Как, однако же, сердце радуется при виде сильных огуречных плетей да хорошо принявшихся помидорчиков! Быть, быть детишкам с урожаем!

А вот капуста пошла слабовато. Забелеют ли тут по осени важные толстопузые кочаны?

— Ба! — вскрикнул вдруг сторож. — Что за чудеса в решете! Вроде как вилок в июле вызрел! Ну ребята, ну мичуринцы, ну юные натуралисты! Даром что сиротинушки...

Несвоевременный кочан был странной продолговатой формы и напоминал скорей кабачок.

Но главное-то диво дивное заключалось в том, что он... кричал! Не кошачьи вопли спугнули Никитин покой и не поросячий визг. Невиданный овощ-гибрид осмелился нарушить утреннюю тишину.

Никита Степанович склонился над находкой.

— Вот ведь сволочи! Фарисеи! — ругнулся он. — В самую слякоть положили, нет бы хоть на крыльцо, под навес!
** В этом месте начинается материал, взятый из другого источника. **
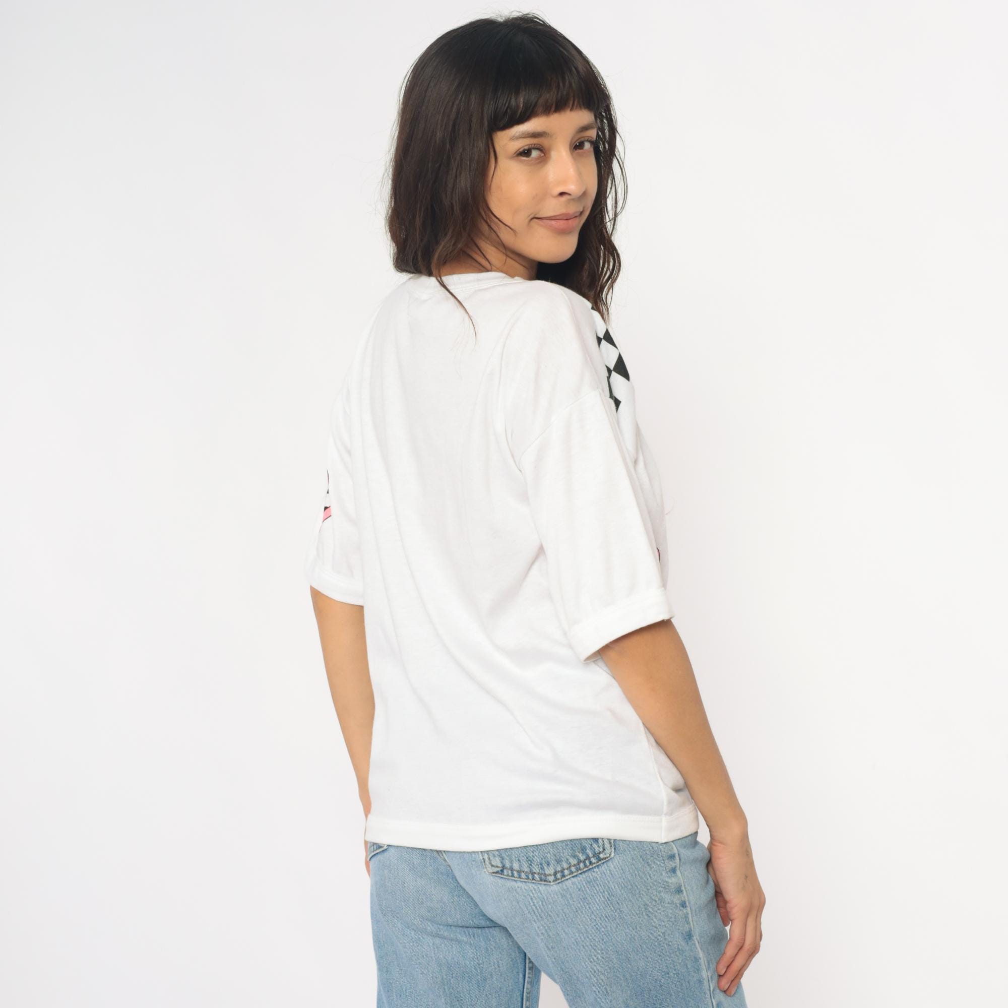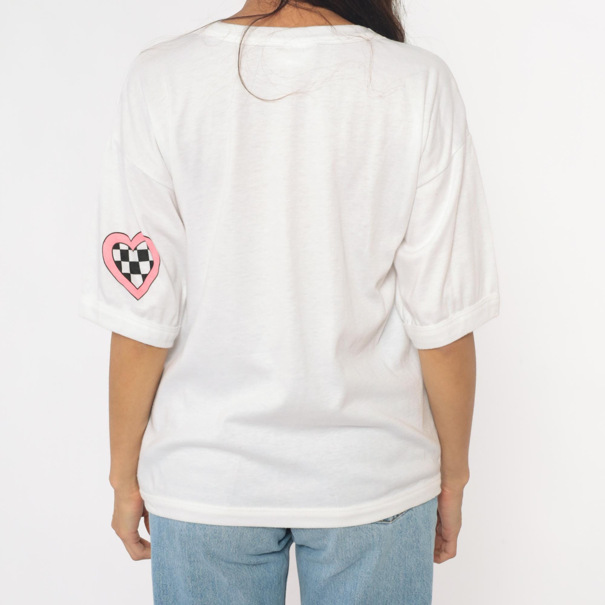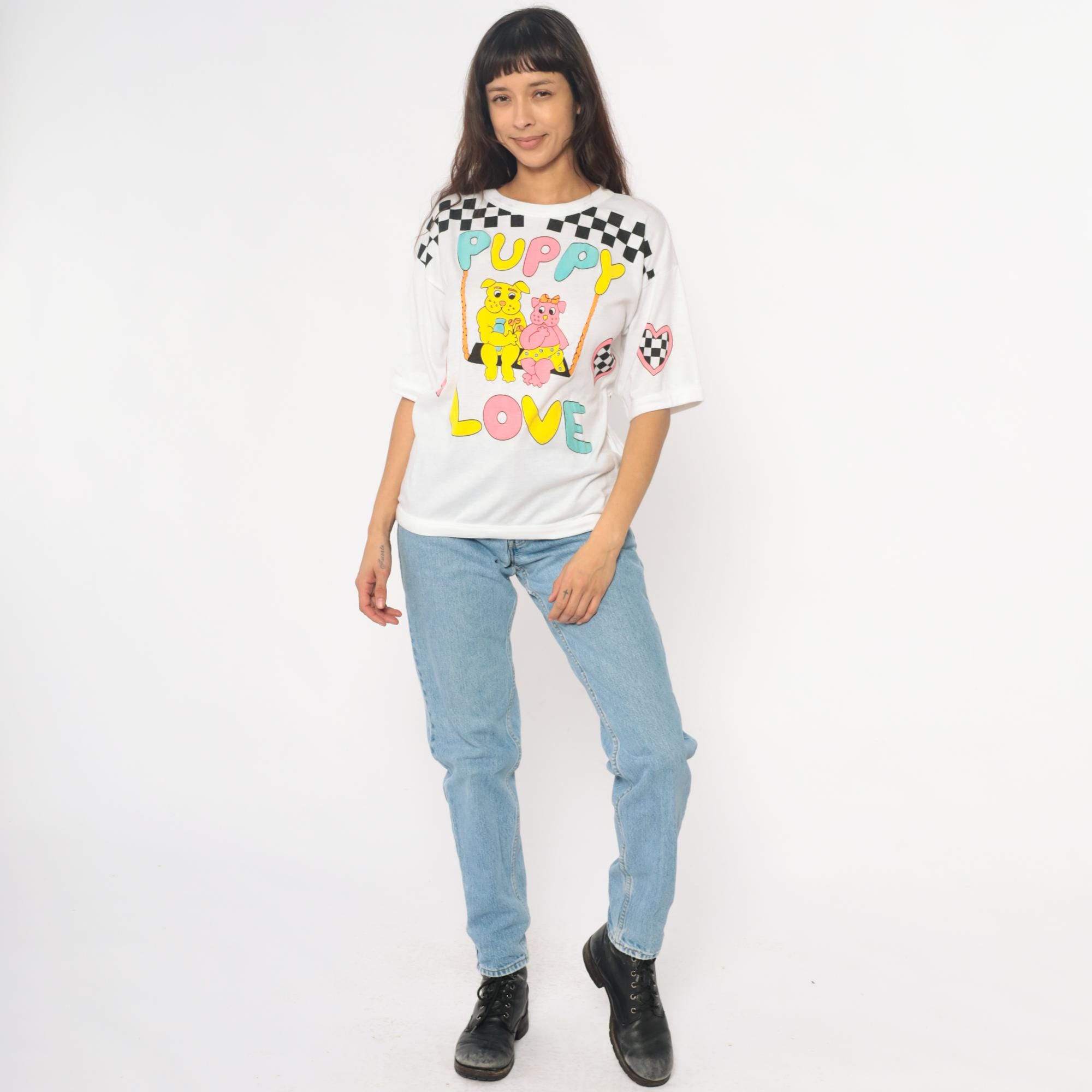 90s white graphic tee from just the three pf us with "PUPPY LOVE" text in multicolored bubble letters and two cartoon puppies on a swing. Black and white checkered racing flag pattern across shoulders and pink checkered hearts on sleeves. Short sleeves with rolled cuffs.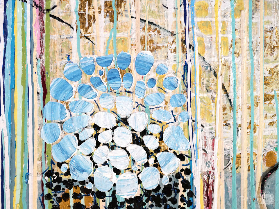 This work is from a series of works inspired by my interest in looking at the microscopic beauty of cross-sections of stems. I'm fascinated by the interior beauty of their natural abstractions. The xylem and phloem weave tapestries of cellular mosaics, each vessel a tiny, stained-glass window illuminating the plant's inner architecture. The cross-section, a slice of interior life, reveals fractal patterns, where nature's artistry paints with the delicate strokes of living geometry.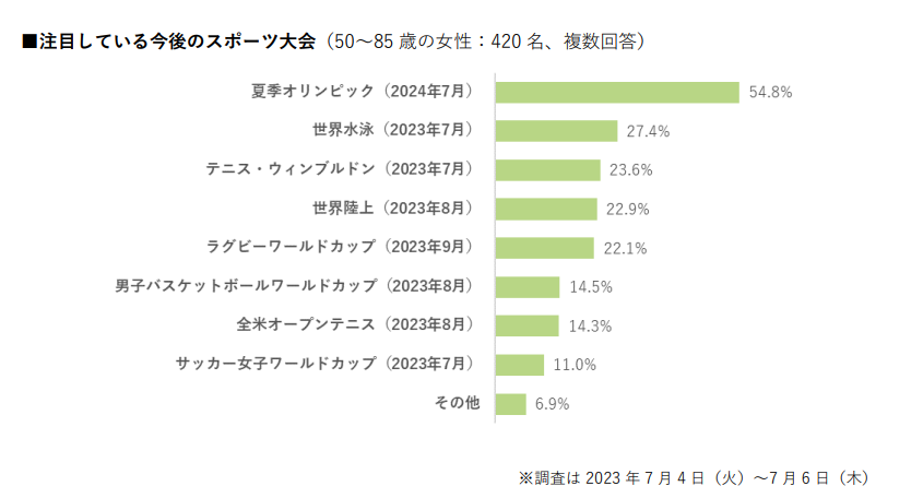 さて、2023年、2024年は国際スポーツ大会が目白押し。WBCだけではありません。7月からは世界水泳、FIFAサッカー女子ワールドカップが行われました。8月には世界陸上、テニス全米オープン、9月には前回調査で上位にランクインしたラグビーワールドカップ、来年には夏季オリンピックも控えています。現時点では、パリで開催される「夏季オリンピック」への注目度が最も高く54.8%。「世界水泳」「テニス」「世界陸上」「ラグビー」と続きますが、20~30%とイマイチ弱い。しかし、スポーツが国単位で活躍したり、キラキラとしたスター選手が登場したりすれば、メディアがにぎわい、シニア女性は胸熱になると予測します。何といってもシニア女性にとってのスポーツには、「元気がもらえる」「熱中できる」「ハラハラドキドキする」という効用があり、元気度がググッと高まるわけですから。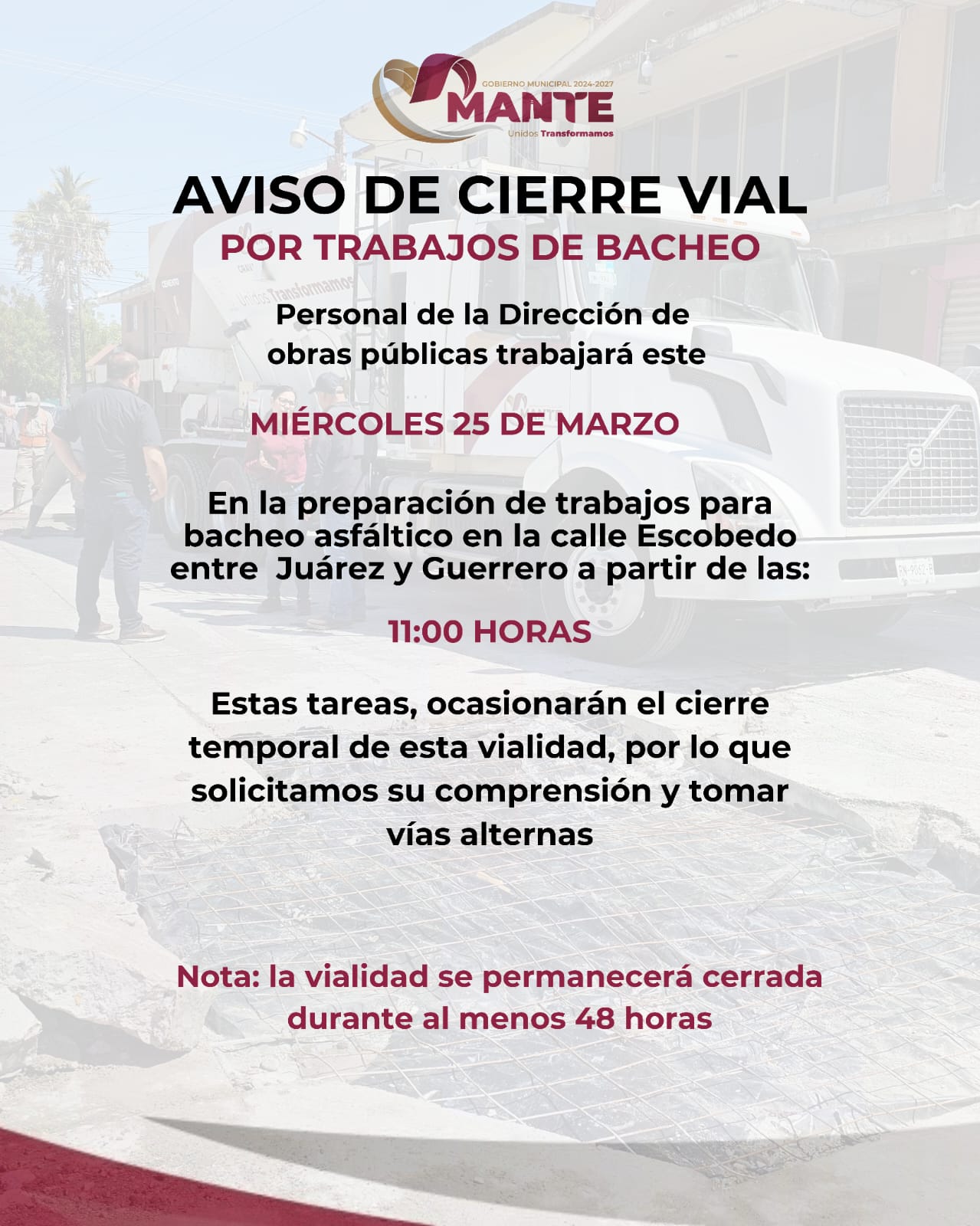 El Gobierno Municipal de El Mante informa que este miércoles 25 de marzo, a partir de las 11:00 horas, se realizarán trabajos de bacheo asfáltico en la calle Escobedo, entre Juárez y Guerrero.

От звука его сердитого хриплого голоса овощ вдруг перестал визжать и мирно проворковал:

— Агу!

— Ага! — отозвался добрый старик и, бережно подняв находку, прижал ее к груди, прикрыв ветровкой. — Сейчас согреешься, родимый, потерпи. Крошечка ты моя инкубаторская!

Вдалеке, за крайними домами поселка, вновь прошумела электричка. На этот раз — на Москву. Наверное, она увозила тех — или ту, — кто доставил в Озерки эту «посылку»...

Кочан оказался вовсе не кочаном, а завернутым в белые пеленки младенцем всего нескольких дней от роду. Как выяснилось чуть позже — мальчиком.

Счастье, что Никита Степанович вовремя стал обходить участок с дозором, ведь ребенка не снабдили даже одеяльцем. Чуть запоздала бы помощь' — малыш неминуемо простыл бы под ливнем, на мокрой холодной грядке.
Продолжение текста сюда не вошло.